Malgré ses longues absences, le jeune étudiant a non seulement réussi à compléter sa scolarité sans retard, il a également toujours figuré parmi les premiers de sa classe. Toutefois, sa sévère hémophilie s'est répercutée sur sa vie sociale qui s'est longtemps limitée à sa famille. « Je n'avais pas d'amis. Pas de sortie en groupe, pas de scoutisme, pas de camps d'été. Souvent, je restais en classe durant les récréations pour éviter de descendre et de remonter les nombreux escaliers. » De ces années, Antoine garde le souvenir de l'amour et du soutien de sa famille, mais également le goût amer des choses non vécues : « Je n'ai pas couru. Je n'ai pas touché à un ballon. Je ne me suis jamais assis par terre. » Enfant, il confie n'avoir pas su « que c'était à cause de l'hémophilie ». « Tout ce que je savais, c'est que j'étais différent des autres et qu'il y avait beaucoup d'interdictions pour moi. Mais je ne me suis jamais demandé pourquoi. »

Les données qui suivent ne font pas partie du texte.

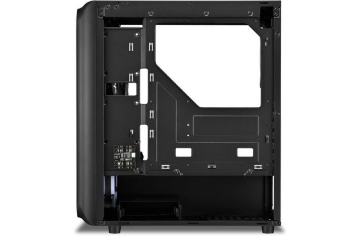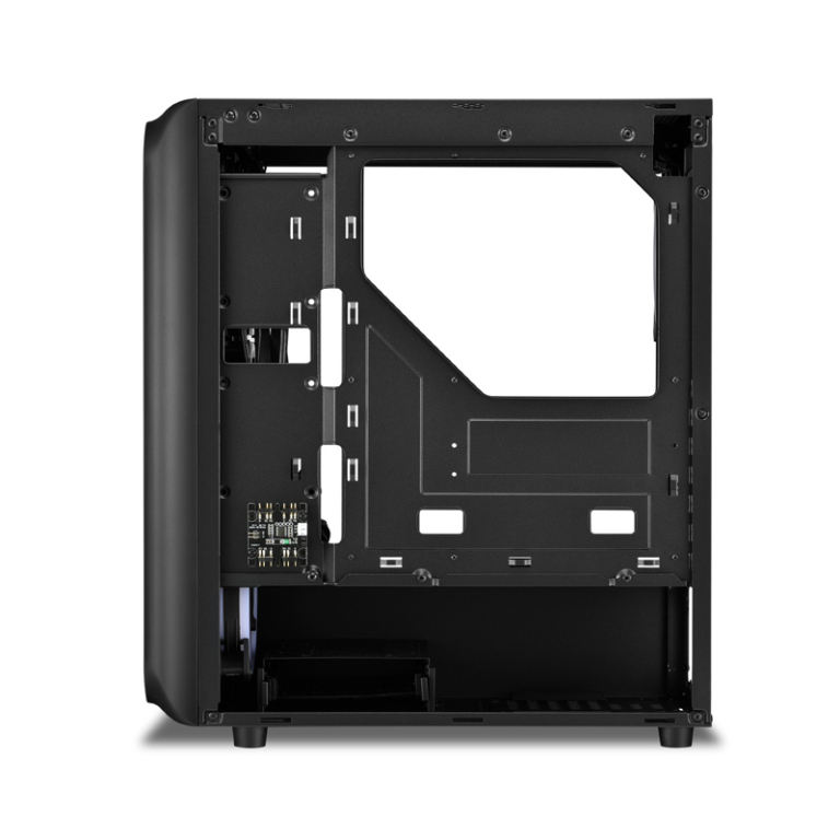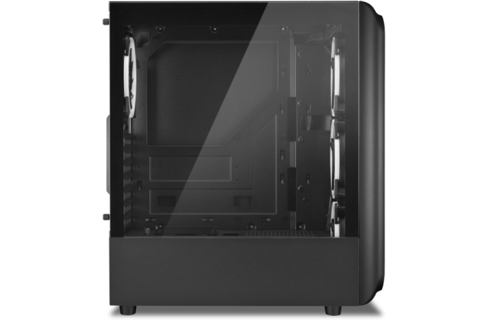 Stranska plošča TK5M RGB je izdelana iz kaljenega stekla in omogoča optimalno predstavitev vgrajene strojne opreme, napajalni tunel pa nudi prostorsko varčno lokacijo za napajalno enoto. Za stalno urejen videz lahko kable napeljete izven vidnega polja s pomočjo kabelskih prehodov.

L'Association libanaise de l'hémophilie
« Ma vie a commencé à 18 ans, avec la prophylaxie », répète-t-il. « Grâce aux 1 000 unités du facteur antihémophilique que je m'administre un jour sur deux, je suis passé d'une hémophile sévère à une hémophilie modérée. Je n'ai plus peur des hémorragies spontanées », raconte Antoine qui dévoile un autre moment marquant dans son parcours avec l'hémophilie : sa rencontre avec l'Association libanaise de l'hémophilie (ALH) et sa présidente Solange Sakr. « J'avais douze ans à l'époque. Avec l'ALH, j'ai commencé à comprendre c'est quoi l'hémophilie. Et les choses se sont un peu améliorées pour moi. J'avais moins de douleurs, puisque je prenais les médicaments rapidement avant que l'articulation ne soit gorgée de sang et douloureuse. Et au lieu de rester dix jours à la maison à attendre que les saignements soient contenus, je récupérais après deux jours. »
Aujourd'hui, grâce au traitement préventif qu'il suit, Antoine voit l'avenir avec optimisme. « Je me suis fait des amis. Je sors. Je poursuis des études supérieures. Je vais à la fac. J'effectue des stages. Comme tous les autres jeunes. Bien sûr, je saigne encore parfois. Et je suis conscient des risques que j'encours, mais je continue ma vie normalement. Et il m'arrive désormais d'oublier pour un instant que je suis hémophile. »

*Nom fictif pour préserver son anonymat.

Au terme d'une journée d’orientation professionnelle organisée conjointement avec Novo Nordisk le 12 décembre, les membres de l’Association libanaise de l’hémophilie (ALH) posent avec la présidente de l’Association, Solange Sakr (deuxième à gauche).